*** Begin section ***

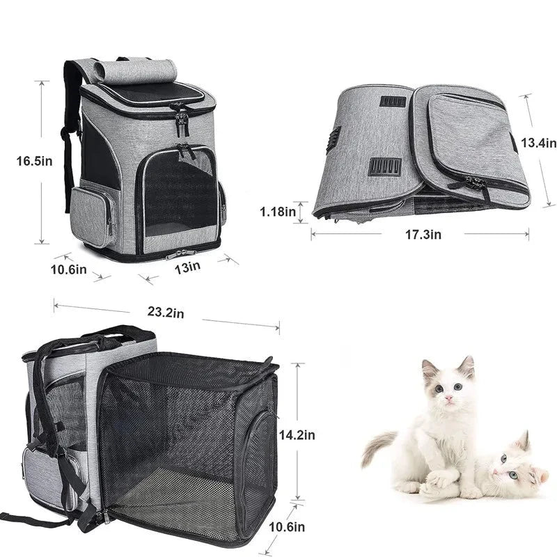 Ce sac à dos extensible pour animaux de compagnie est la solution idéale pour transporter vos chats et petits chiens lors de vos déplacements. Conçu pour offrir une grande capacité tout en restant portable, ce sac à dos est également pliable, ce qui facilite son rangement quand il n'est pas utilisé. Grâce à sa conception respirante, vos animaux de compagnie seront confortables et bien aérés. La fermeture éclair permet une utilisation facile et sécurisée. Que vous voyagiez en ville ou à la campagne, ce sac à dos vous garantit une expérience de transport sans tracas et agréable pour vos amis à quatre pattes.
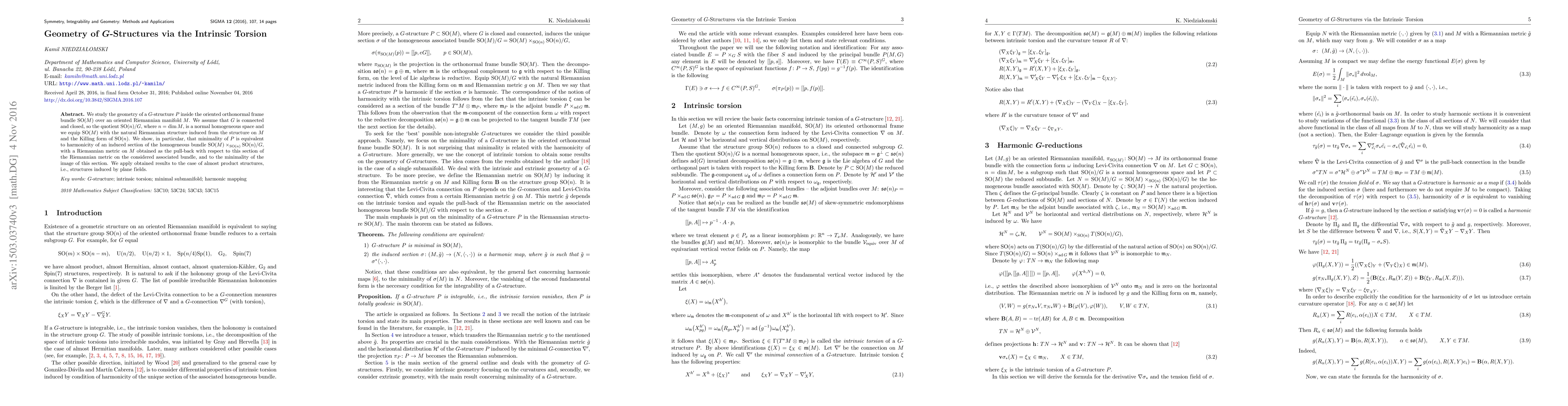 We study the geometry of a $G$-structure $P$ inside the oriented orthonormal frame bundle ${\rm SO}(M)$ over an oriented Riemannian manifold $M$. We assume that $G$ is connected and closed, so the quotient ${\rm SO}(n)/G$, where $n=\dim M$, is a normal homogeneous space and we equip ${\rm SO}(M)$ with the natural Riemannian structure induced from the structure on $M$ and the Killing form of ${\rm SO}(n)$. We show, in particular, that minimality of $P$ is equivalent to harmonicity of an induced section of the homogeneous bundle ${\rm SO}(M)\times_{{\rm SO}(n)}{\rm SO}(n)/G$, with a Riemannian metric on $M$ obtained as the pull-back with respect to this section of the Riemannian metric on the considered associated bundle, and to the minimality of the image of this section. We apply obtained results to the case of almost product structures, i.e., structures induced by plane fields.
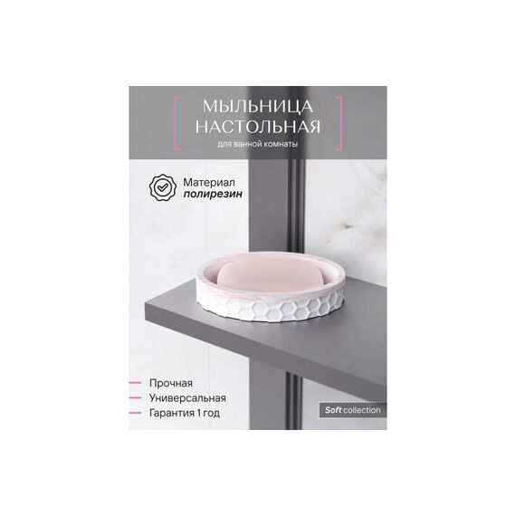 Мыльница настольная, полирезин, белая/розовая "Fora Soft" SFT036
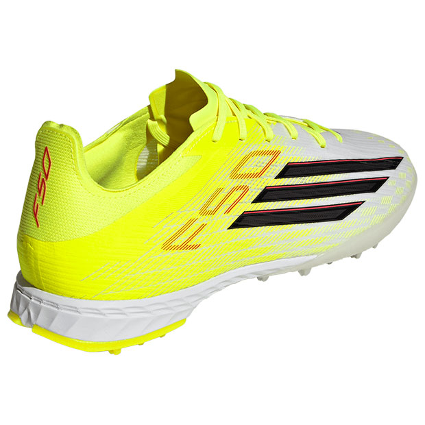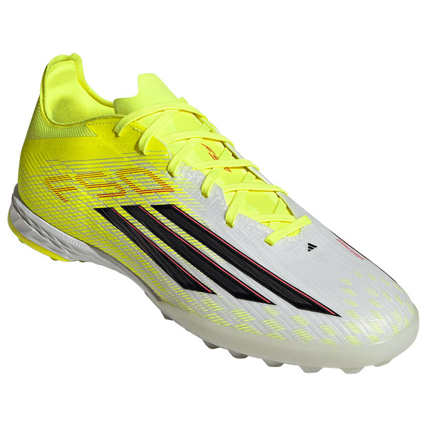 アディダスのアイコニックなスピードコンセプトモデル「F50」のターフトレーニングモデル。ボールを保持し続けるためのスプリントウェブ3Dテクスチャーを施した軽量ファイバータッチアッパーと、ロックダウン用のコンプレッションフィットシュータンを装備。薄型のLightstrikeミッドソールとラグラバーアウトソールが、人工芝グラウンドでの動きをサポート。人工芝コート対応。
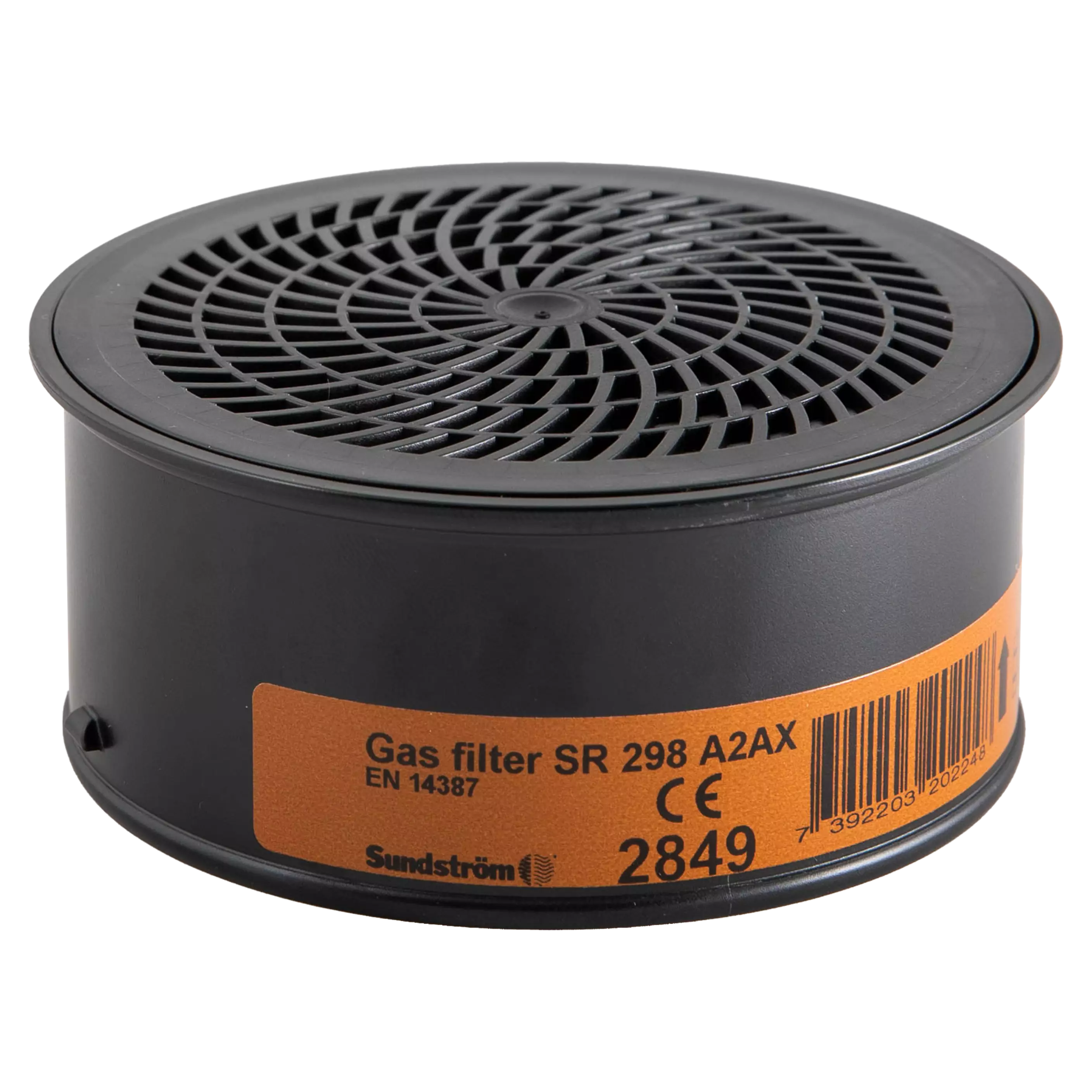 Tehokas kaasusuodatin Sundströmin puoli- ja kokonaamareihin. A2/AX-luokitus suojaa orgaanisilta kaasuilta ja höyryiltä – sekä yli 65 °C kiehuvilta liuottimilta (A2) että matalan kiehumispisteen yhdisteiltä (AX). Voit yhdistää suodattimen SR 510 P3 R -hiukkassuodattimeen, kun tarvitset myös aerosolisuojan (esim. ruiskumaalaus).

*** End section ***

Return all of the entries exactly as written, but drop any pictures they hold.

▶ Expected answer:
 Ce sac à dos extensible pour animaux de compagnie est la solution idéale pour transporter vos chats et petits chiens lors de vos déplacements. Conçu pour offrir une grande capacité tout en restant portable, ce sac à dos est également pliable, ce qui facilite son rangement quand il n'est pas utilisé. Grâce à sa conception respirante, vos animaux de compagnie seront confortables et bien aérés. La fermeture éclair permet une utilisation facile et sécurisée. Que vous voyagiez en ville ou à la campagne, ce sac à dos vous garantit une expérience de transport sans tracas et agréable pour vos amis à quatre pattes.
 We study the geometry of a $G$-structure $P$ inside the oriented orthonormal frame bundle ${\rm SO}(M)$ over an oriented Riemannian manifold $M$. We assume that $G$ is connected and closed, so the quotient ${\rm SO}(n)/G$, where $n=\dim M$, is a normal homogeneous space and we equip ${\rm SO}(M)$ with the natural Riemannian structure induced from the structure on $M$ and the Killing form of ${\rm SO}(n)$. We show, in particular, that minimality of $P$ is equivalent to harmonicity of an induced section of the homogeneous bundle ${\rm SO}(M)\times_{{\rm SO}(n)}{\rm SO}(n)/G$, with a Riemannian metric on $M$ obtained as the pull-back with respect to this section of the Riemannian metric on the considered associated bundle, and to the minimality of the image of this section. We apply obtained results to the case of almost product structures, i.e., structures induced by plane fields.
 Мыльница настольная, полирезин, белая/розовая "Fora Soft" SFT036
 アディダスのアイコニックなスピードコンセプトモデル「F50」のターフトレーニングモデル。ボールを保持し続けるためのスプリントウェブ3Dテクスチャーを施した軽量ファイバータッチアッパーと、ロックダウン用のコンプレッションフィットシュータンを装備。薄型のLightstrikeミッドソールとラグラバーアウトソールが、人工芝グラウンドでの動きをサポート。人工芝コート対応。
 Tehokas kaasusuodatin Sundströmin puoli- ja kokonaamareihin. A2/AX-luokitus suojaa orgaanisilta kaasuilta ja höyryiltä – sekä yli 65 °C kiehuvilta liuottimilta (A2) että matalan kiehumispisteen yhdisteiltä (AX). Voit yhdistää suodattimen SR 510 P3 R -hiukkassuodattimeen, kun tarvitset myös aerosolisuojan (esim. ruiskumaalaus).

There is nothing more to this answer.